At fiveteen I didnt know what I wanted, born and raised in a Christian household and walking in the shadow of three over achieving brothers, I was lost. I thought my Christiian life couldn’t possibly offer me what the popular lifestyle could so I walked away. I walked away from church, family, and the God I had worshiped since childhood for a chance to be in the in crowd.
It started small, just a beer, just a way to be a part of the crowd but before I knew it, it was a beast I couldn’t control. Drugs, drinking, and boys. Just a way to fill a void. Somethhing in me told me I was made for me but MTV told me this was the good life. I was just being a teen, just experimenting, just following the crowd. This is what i told my parents when i showed up drunk at school funcitons, was throwing up mornings after binge drinking, or sobbing in my room after another break up. I couldnt understand why this life that the world said would make me happy was so painful.

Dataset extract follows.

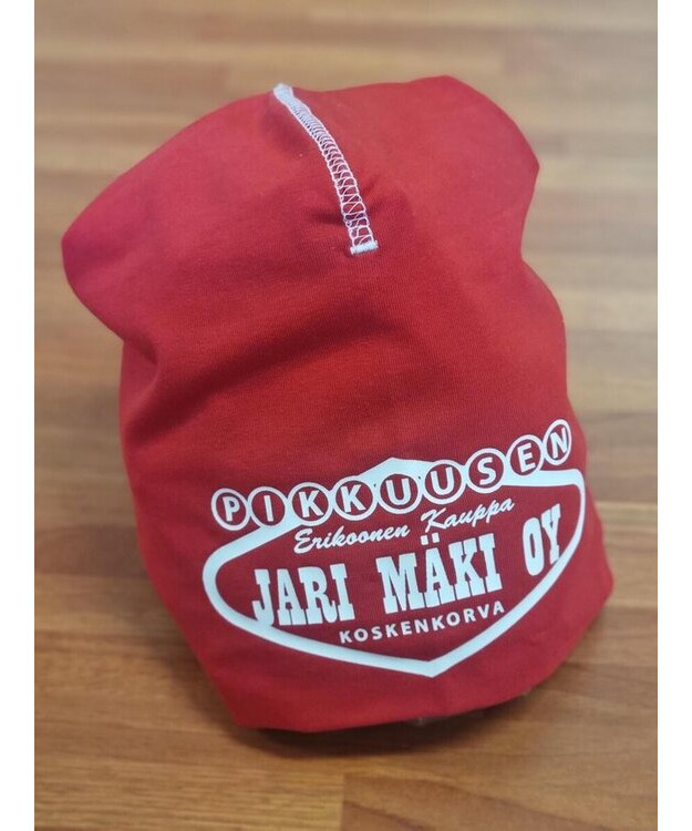 Punainen trikoopipo, jossa painettu kuvio ja valkoiset saumat.

Then after another break up that left me on my knees I sat in my bedroom with a handful of pills and was ready to take them all. Something whispered though, theres more. I put the pills down and picked up my bible. I thought maybe somewhere in the pages I could find my answer but I wasn’t ready. I didnt know who I would be apart from my friends, I couldnt walk away from the parties, and I needed the attention from boys to know I was worth something but deep down inside I prayed for a way out.
Freshman year of college came and I knew I couldn’t keep living like this. I was slowly self destructing and looking for more. I ended up at a Christian conference called Passion to hear my brother sing when God got my attention. It was the words to the song my brother sang that captured my heart. “Jesus Paid it all, all to him i owe, sin had left a crimson stain he washed it white as snow, Oh praise the one who paid my debt and raised this life up from the dead.” I never was the same. I gave up my old life and my old ways for the God who had never abandoned me. I realizd that day why I was never meant to live for me, i was created for more. I was created to serve my maker.
In all my years of living away from Christ i never once felt satisfied and it was only after I returned to my savior that I realize why. I need Jesus and there is no substitute for that.